Next is this delicious Sweet Potato Breakfast Meal Prep recipe. Flavorful sweet potatoes make a great pair to ground turkey in this nutritious breakfast. The sweet potatoes along with the fluffy eggs make this breakfast worth waking up for. Add in tomatoes and bell peppers to make this meal even more heavenly.
There’s no need to order takeout when you have this Korean Turkey Meal Prep recipe. Clocking in at under 400 calories, this recipe utilizes garlic and ginger, alongside honey and red pepper flakes, to create a truly flavorful experience. Add broccoli, or any vegetable of your choice, to make it even healthier. Feel free to serve over rice, noodles, or quinoa to keep you full until dinner.
These Buffalo Turkey Meatballs taste as good as any buffalo chicken recipe, yet it’s a lot healthier. Rather than using mayonnaise for the buffalo sauce, this recipe swaps it out for Greek yogurt. The result? A creamy, delicious sauce that pairs well with these homemade meatballs. Serve with a side of salad for the ultimate meal prep lunch.
This 25-Minute Turkey Chili recipe is perfect for those nights where you just want to curl up and get comfy on the couch. This chili uses all the regular ingredients that are in every other chili, except the turkey makes it more guilt-free. Plus, you really can’t go wrong with a classic.
If you’re looking to get a bit more adventurous, try these Thai Turkey Lettuce Wraps. Made with peanut sauce and Thai red curry paste, this recipe transcends any regular lettuce wrap you’ve ever had. If you think it can’t get any better, they only take a total of 25 minutes to make!
This Garlic Butter Ground Turkey with Cauliflower meal is the absolute definition of healthy and tasty.

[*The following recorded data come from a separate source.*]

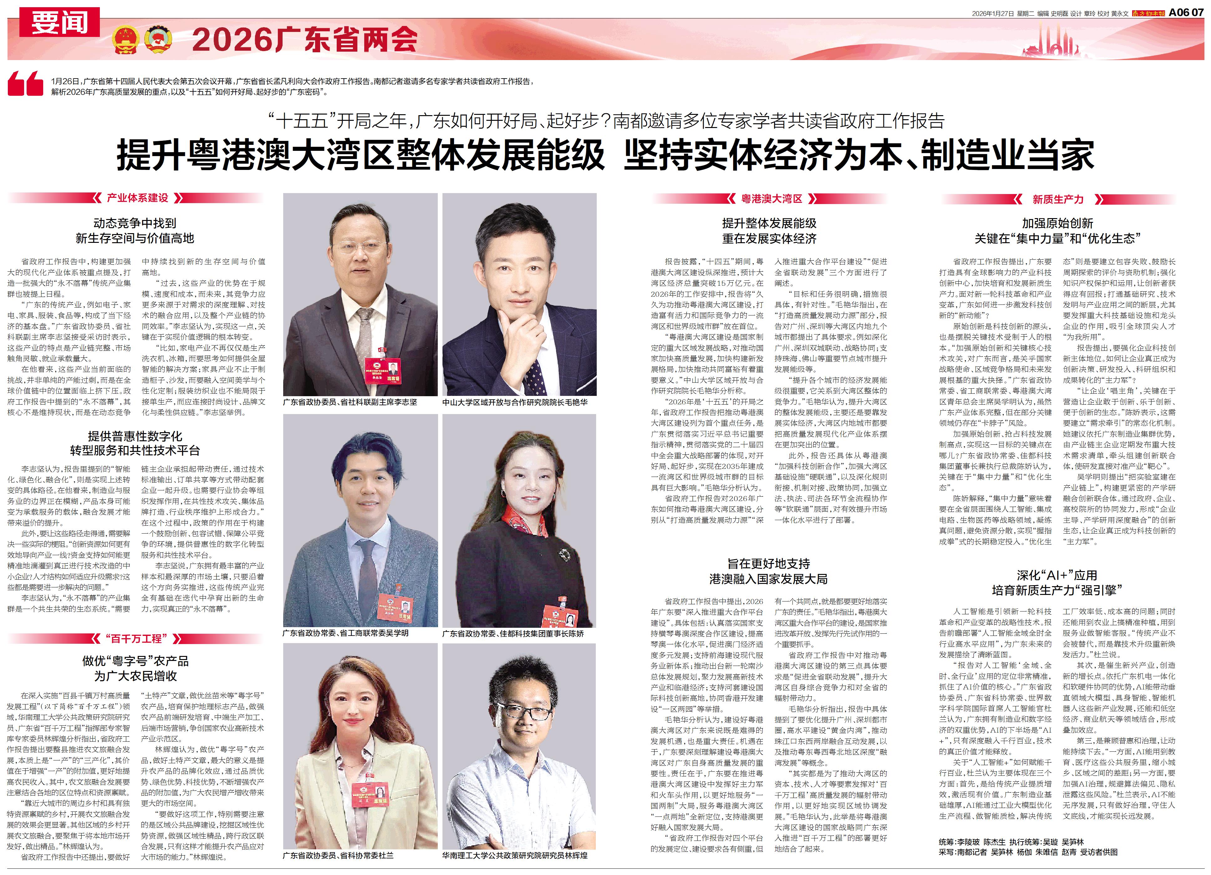 提升粤港澳大湾区整体发展能级 坚持实体经济为本、制造业当家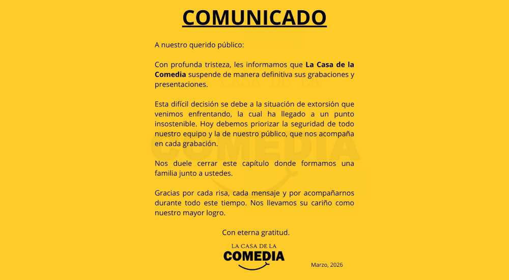 La inseguridad continúa creciendo y ahora también afecta al mundo del entretenimiento digital. El programa de streaming 'La Casa de la Comedia' anunció que cerrará de forma definitiva luego de haber sido víctima de extorsión.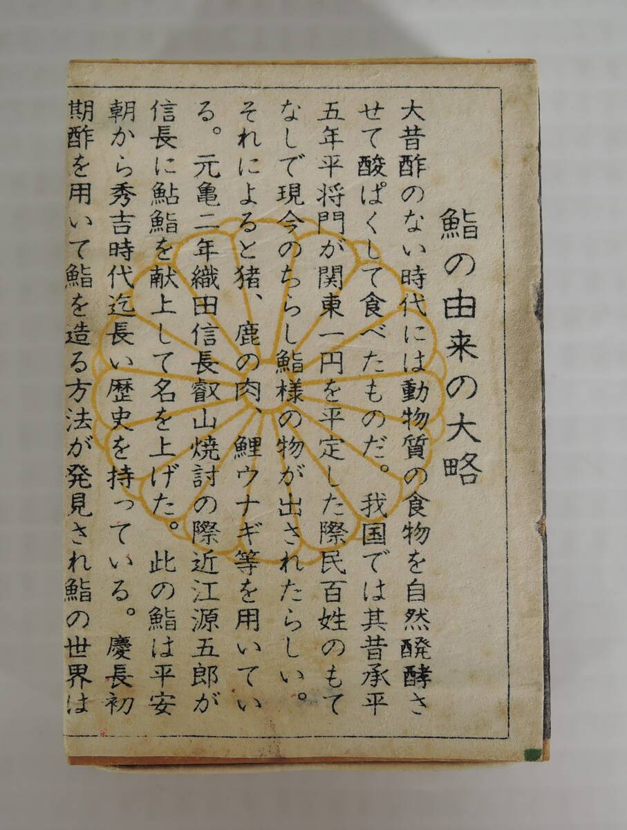 - ☆T09■マッチ箱・マッチ空き箱 菊寿し 「鮨の由来の大略」 箱:木製 引出し:紙製■高知県高知市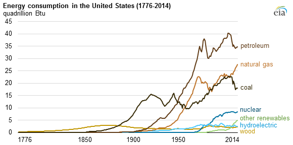 You can see in the chart below that the U.S. was once a country that got nearly all of its energy from wood. The energy source was plentiful and cheap as far as fuels went at the time. But since 1850 wood has almost entirely been replaced by coal, petroleum, natural gas, nuclear, and hydroelectric energy.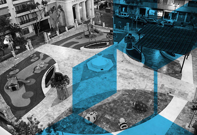 Se añaden zonas de juegos y equipamientos infantiles, cuyos pavimentos elásticos subyacentes de colores vivos se integran en las siluetas ovaladas del perímetro, completando la composición de alto dinamismo de la plaza.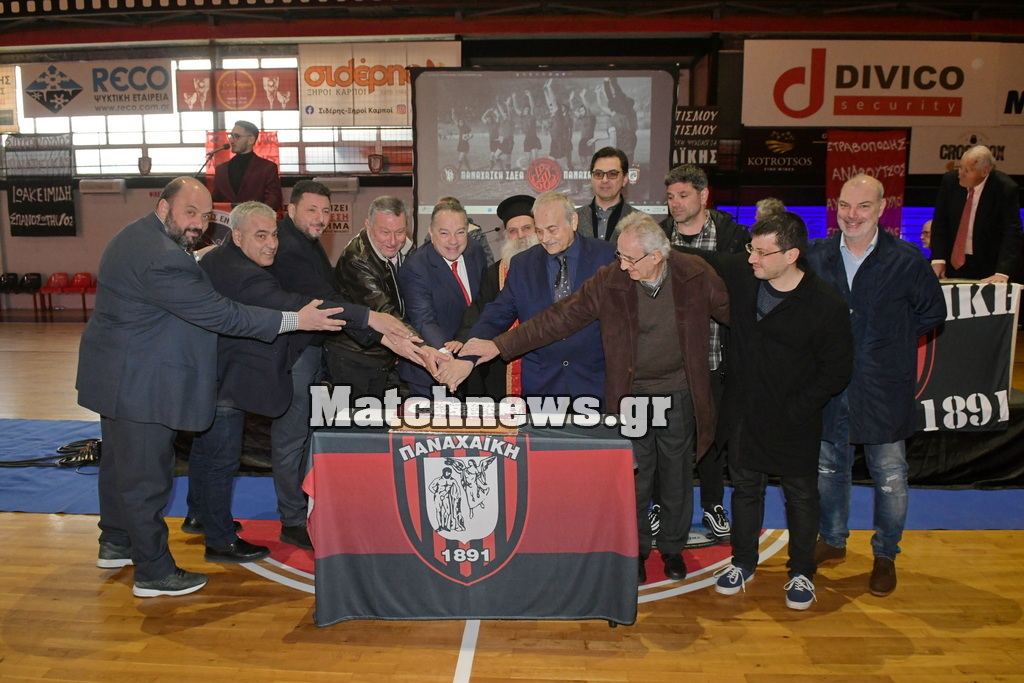 Στο κατάμεστο κλειστό της Παναχαϊκής στην Αγυιά, παραβρέθηκαν όλοι η εν ζωή παλαίμαχοι εκείνης της ομάδας, όπως και συγγενείς και φίλοι των περισσότερων από αυτούς που έχουν φύγει από τη ζωή και έγραψαν με χρυσά γράμματα την ιστορία των «κοκκινόμαυρων».

This one skillet recipe brings together garlic, red pepper flakes and healthy cauliflower to create a meal you can truly indulge in.
To finish off, we have five simple tips that will help you when you prep ground turkey:
1. Pay attention to the sell-by date.
If you’re not going to cook the turkey by the sell-by date on the package, make sure to store it in the freezer. Ground turkey only lasts 3-4 days in the fridge. Ground turkey can last in the freezer for 3-4 months, so if you’re not sure what you’re going to do with it after purchasing, it’s best to just stick it in the freezer.
2. Handle with care.
If you’re going to be making meatballs, burgers or anything else from your ground turkey, make sure to handle it softly, like it’s an egg that could crack at any second. If you manhandle your meat, it may turn out too tough to eat from overworking.
3. Don’t overcook or undercook.
Ground turkey isn’t forgiving like other types of meat; when overcooked, it turns dry and crumbly, making it difficult to eat. Make sure not to undercook it, either, Unlike beef, you can’t have a medium rare ground turkey burger. The turkey should take around 15 minutes to cook at a minimum temperature of 165 degrees.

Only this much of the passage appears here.